Breakdown happens by one of two physical mechanisms (detailed in Reverse breakdown): the Zener effect — field-driven tunnelling — dominates below about $5\text{V}$, while avalanche multiplication dominates above about $6\text{V}$. The two have opposite temperature coefficients: the Zener effect gives $V_Z$ a negative tempco, avalanche a positive one. Around $5$–$6\text{V}$ they roughly cancel, so a Zener rated there drifts least with temperature — which is why precision references cluster near $\approx 5.6\text{V}$, not because that voltage is otherwise special. (Despite the name, most “Zener” diodes above ~6 V actually break down by avalanche.)

Datasheet parameters

Zener parameters: $V_{ZT}$ at test current $I_{ZT}$, knee $I_{ZK}$, power-limited max current; linearised model $V_{Z0}+r_z$.

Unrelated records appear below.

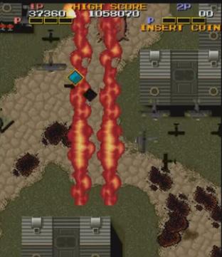 In this ten-stage action video game, your objective is to destroy every assaulting enemy and enemy base you encounter, until every one of them has been eliminated. Each stage has a different setting and difficulty level, you must survive all attacks to reach the tenth stage. Apart from the default 3-way missile shooter, your weapon system is upgraded when you pick up power-ups during the game. The more powerful your weapon system becomes, the more advantage you have over the enemy fleet. You score points each time you kill an assaulting aircraft, and when you gain high points, you gain up to 10 extra bombs which is extremely useful when fighting bosses in advanced stages.
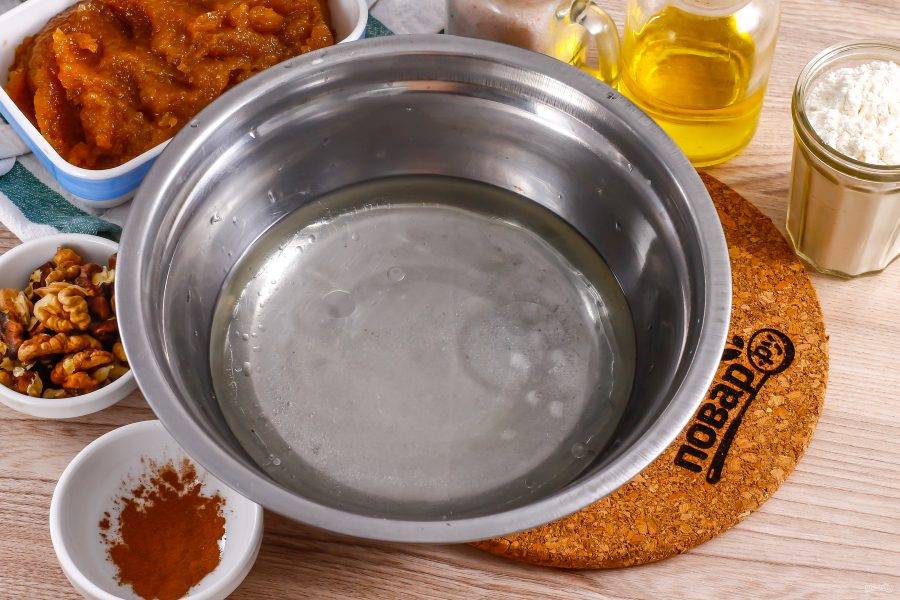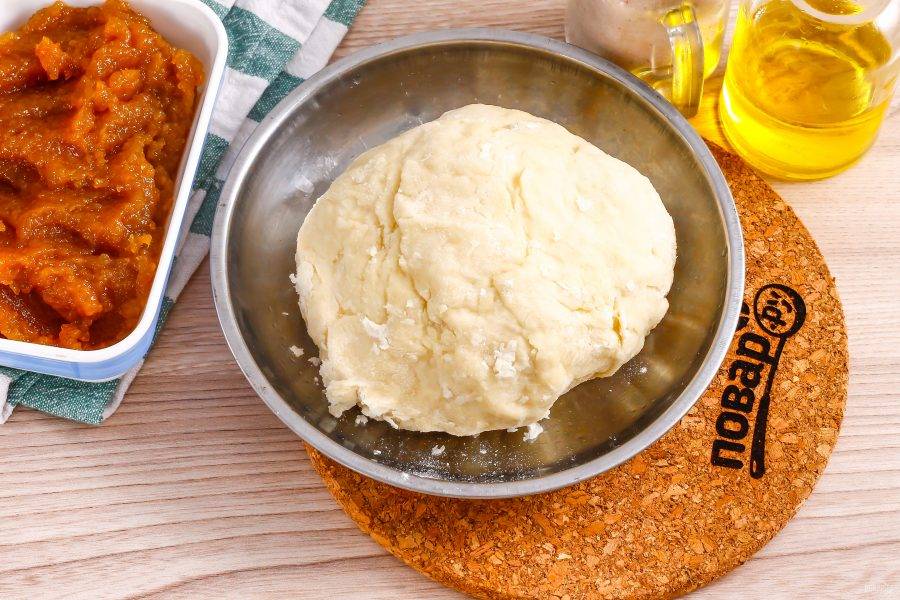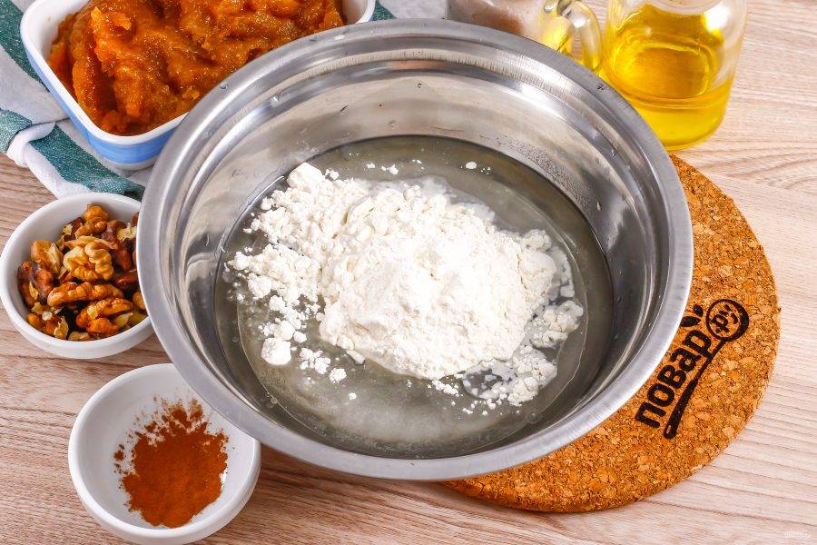 Всыпьте пшеничную муку, предварительно ее просеяв. Замесите тесто.
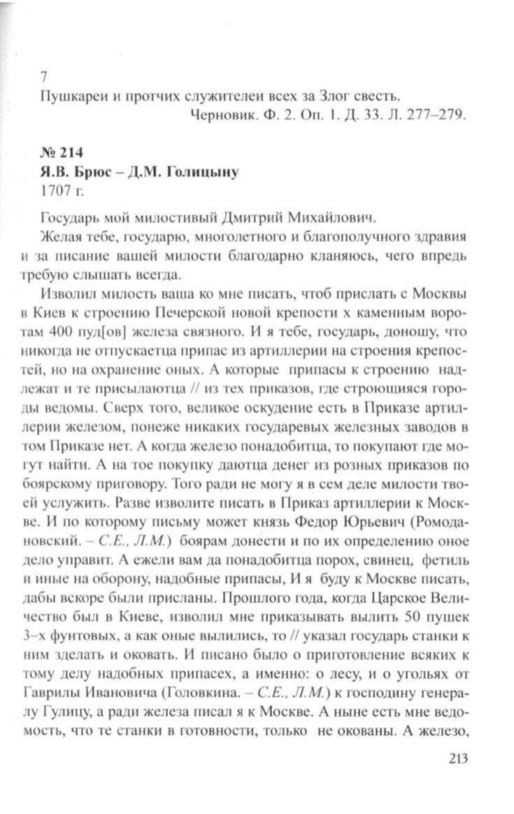Я.Н. Брюс- Д.М. Голицыну
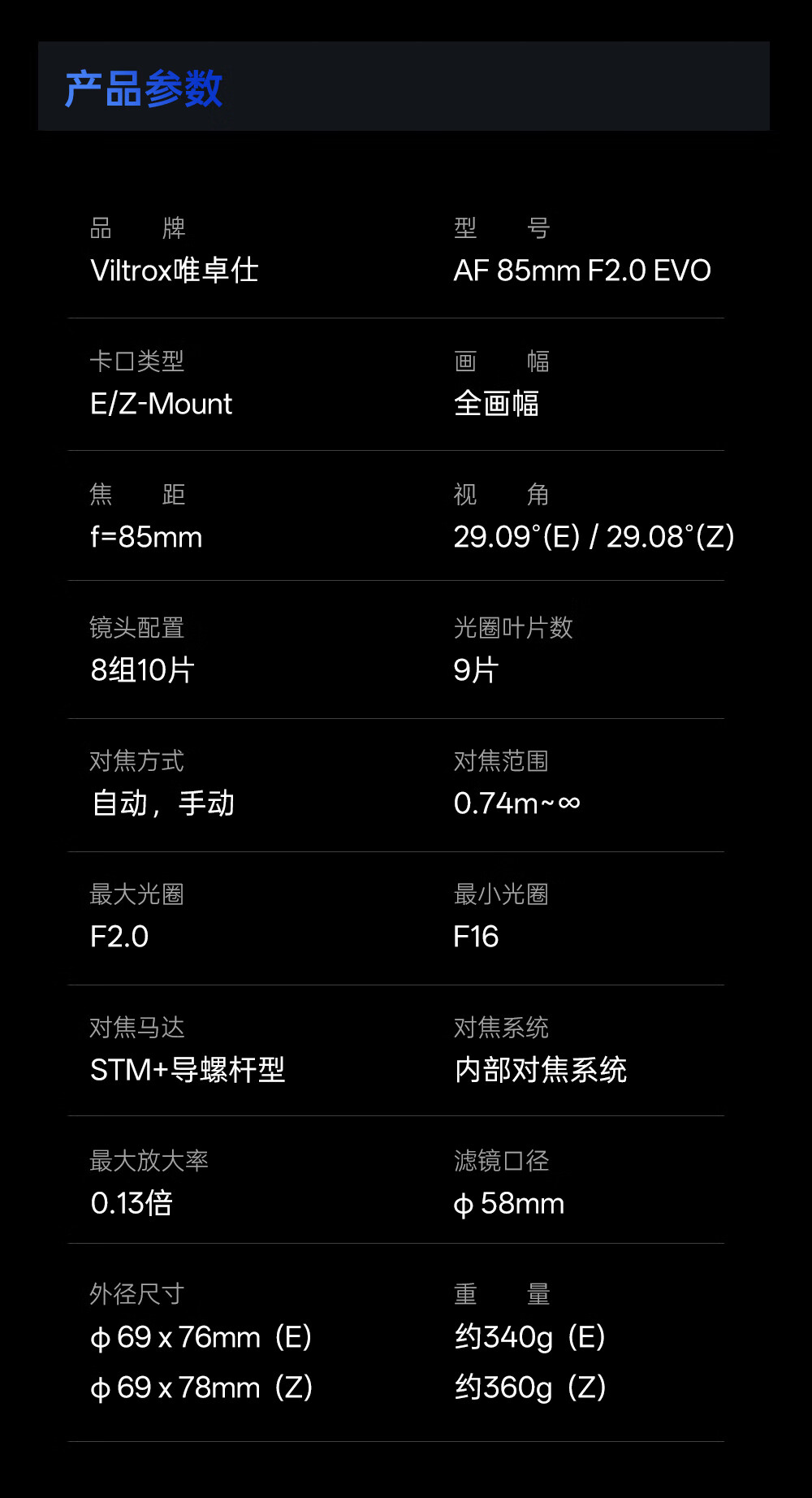 Viltrox 85mm F2.0 EVO Sony mouth Nikon mouth full frame medium telephoto portrait large aperture fixed focus lens suitable for Z mount FE mount mirrorless camera autofocus lens AF 85mm F2.0 EVO FE (Sony mouth) official standard
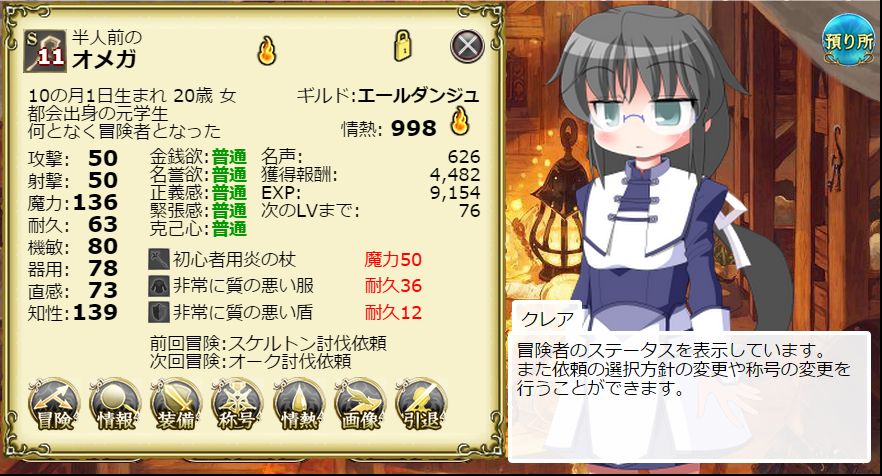 リーダーのオメガ。何となく冒険者になった元学生。出自や動機は、能力値や欲望(情熱を保つために重要なステータス)に影響を与えるので結構大事です。

• $V_{ZT}$ — the rated breakdown voltage, specified at a particular test current $I_{ZT}$ (because the voltage does drift slightly with current, you have to say where you measured it). Commercial Zeners span roughly $2\text{V}$ to $200\text{V}$; the most common parts sit in the few-volt to tens-of-volts range.
• $I_{ZT}$ — the test current at which $V_{ZT}$ is quoted.
• $I_{ZK}$ — the knee current: the current at the onset of breakdown, the bottom of the curve where the breakdown bend is. Below $I_{ZK}$ the device is not properly in breakdown and the regulation is poor, so a good design keeps the current above $I_{ZK}$.
• Maximum current — set by the device’s safe power dissipation. For a 0.5 W, 6.8 V Zener the maximum current is about $P_{max}/V_Z=0.5\text{W}/6.8\text{V}\approx 70$ mA. Exceed it and the device overheats and fails.

Linearised model

For hand analysis the breakdown region is modelled as a straight line: an ideal source $V_{Z0}$ in series with a small dynamic resistance $r_z$. $V_{Z0}$ is the voltage-axis intercept you get by extrapolating the steep breakdown line back to zero current — it is not the same as $V_{ZT}$, which is the voltage at a real operating current. $r_z$ is the Zener dynamic resistance, the slope of the breakdown line: $V_Z=V_{Z0}+I_Z{r}_z$. A small $r_z$ means the line is nearly vertical, so the voltage barely changes with current — that is what makes a good regulator.

In this course the Zener in breakdown is usually treated simply by its DC value $V_Z$; the $r_z$ refinement is brought in only when you need to predict how much the regulated voltage moves under load. The Zener’s role as a voltage source feeds directly into the Zener voltage regulator and the broader Voltage reference.